Smaug-72B-v0.1
Property | Value |
---|---|
Parameter Count | 72.3B |
Model Type | Large Language Model |
Base Model | MoMo-72B-lora-1.8.7-DPO |
License | Tongyi Qianwen License Agreement |
Paper | arXiv:2402.13228 |
What is Smaug-72B-v0.1?
Smaug-72B-v0.1 is a groundbreaking large language model that has achieved first place on the Open LLM Leaderboard by HuggingFace, being the first open-source model to surpass an average score of 80%. Developed by Abacus AI, this model introduces a novel fine-tuning technique called DPO-Positive (DPOP), specifically designed to overcome traditional limitations in preference optimization.
Implementation Details
The model is built upon MoMo-72B-lora-1.8.7-DPO and ultimately based on Qwen-72B. It utilizes BF16 tensor type and implements innovative pairwise preference versions of ARC, HellaSwag, and MetaMath datasets. The DPOP technique addresses the limitation where standard DPO loss can reduce the model's likelihood of preferred examples in certain scenarios.

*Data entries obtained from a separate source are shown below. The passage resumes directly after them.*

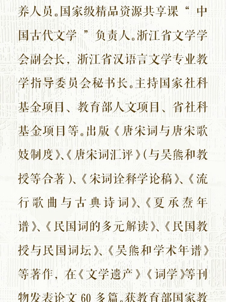 剑亮治词,也是由唐宋词、清词这样沿流而下的。他在民国词学的研究方面已有不少成果,主持“民国词人研究”“民国浙江词坛研究”等项目,并出版了相关专著。近几年我们都对夏承焘先生的词学感兴趣,他在这方面也写了好几篇文章,并撰《夏承焘年谱》。去年12月初,剑亮兄在浙工大之江学院主持“浙江诗路文化带的发掘与重构学术研讨会”,热情邀我参加。会上他又送给我新著《吴熊和学术年谱》,其中所充注的对吴师的感情,令我感动!当晚捧读吴师年谱,前尘影事,历历在眼。现在他的这部巨作又要出版了,邀我写序,我曾以自己并非词学专家为理由而婉辞,但他强调同门之谊,我也不好再推托了。略书上面这几段文字,权当是大著出版的祝贺之词吧!
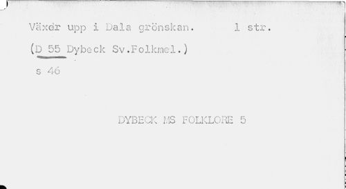 //// Växer upp i Dala grönskan. 1 str. //// . (D 55 Dybeck Sv.Folkmel.) //// s 46 //// DYBECK MS FOLKLORE 5 //// i i //// I ////
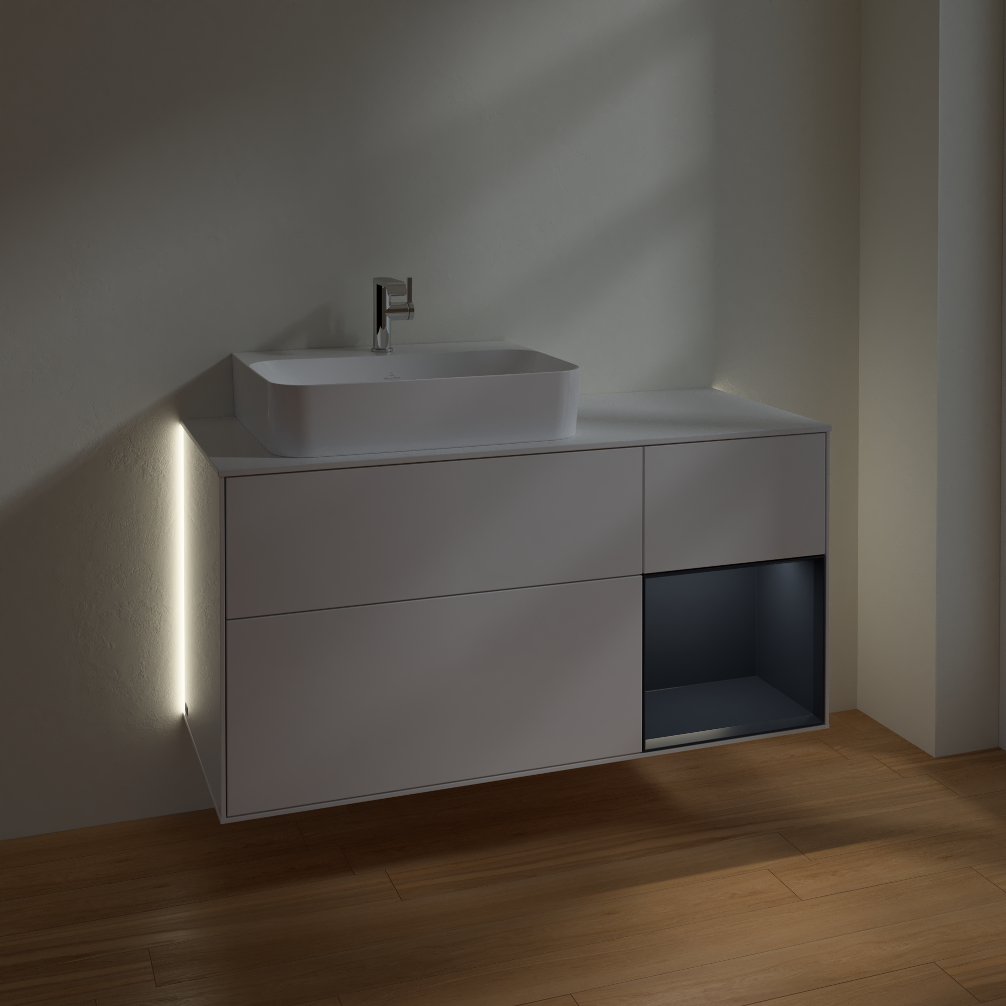 Finion Vanity unit, with lighting, 3 pull-out compartments, 1200x603x501mm, Body: Glossy White Lacquer, Front: Glossy White Lacquer, Shelf: Midnight Blue Matt Lacquer, Cover plate: Glass White Matt
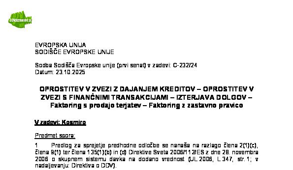 BREZPLAČNO OPRAVLJANJE STORITEV, KI SE ŠTEJE ZA OPRAVLJANJE STORITEV ZA PLAČILO – IZTERJAVA TERJATEV – Izterjava terjatve v korist tretje osebe (C-535/24) Svilosa 02.10.2025 03.10.2025

- Achieves 80.48% average score across major benchmarks
- MT-Bench scores: 8.18 (First Turn), 7.34 (Second Turn), 7.76 (Average)
- Implements contamination detection methodology using Llama7B as reference
Core Capabilities
- Outstanding performance on ARC (76.02%), HellaSwag (89.27%), and MMLU (77.15%)
- Strong truthfulness metrics with TruthfulQA score of 76.67%
- Excellent reasoning capabilities with GSM8K score of 78.70%
- Advanced text generation and complex task handling
Frequently Asked Questions
Q: What makes this model unique?
The model's uniqueness lies in its DPOP training technique, which specifically addresses the limitations of standard DPO training, particularly in scenarios where edit distances between pairs of completions are low. This innovation has led to state-of-the-art performance across various benchmarks.
Q: What are the recommended use cases?
Smaug-72B-v0.1 excels in various applications including complex reasoning, truthful QA, mathematical problem-solving, and general text generation tasks. It's particularly well-suited for applications requiring high accuracy and reliable output.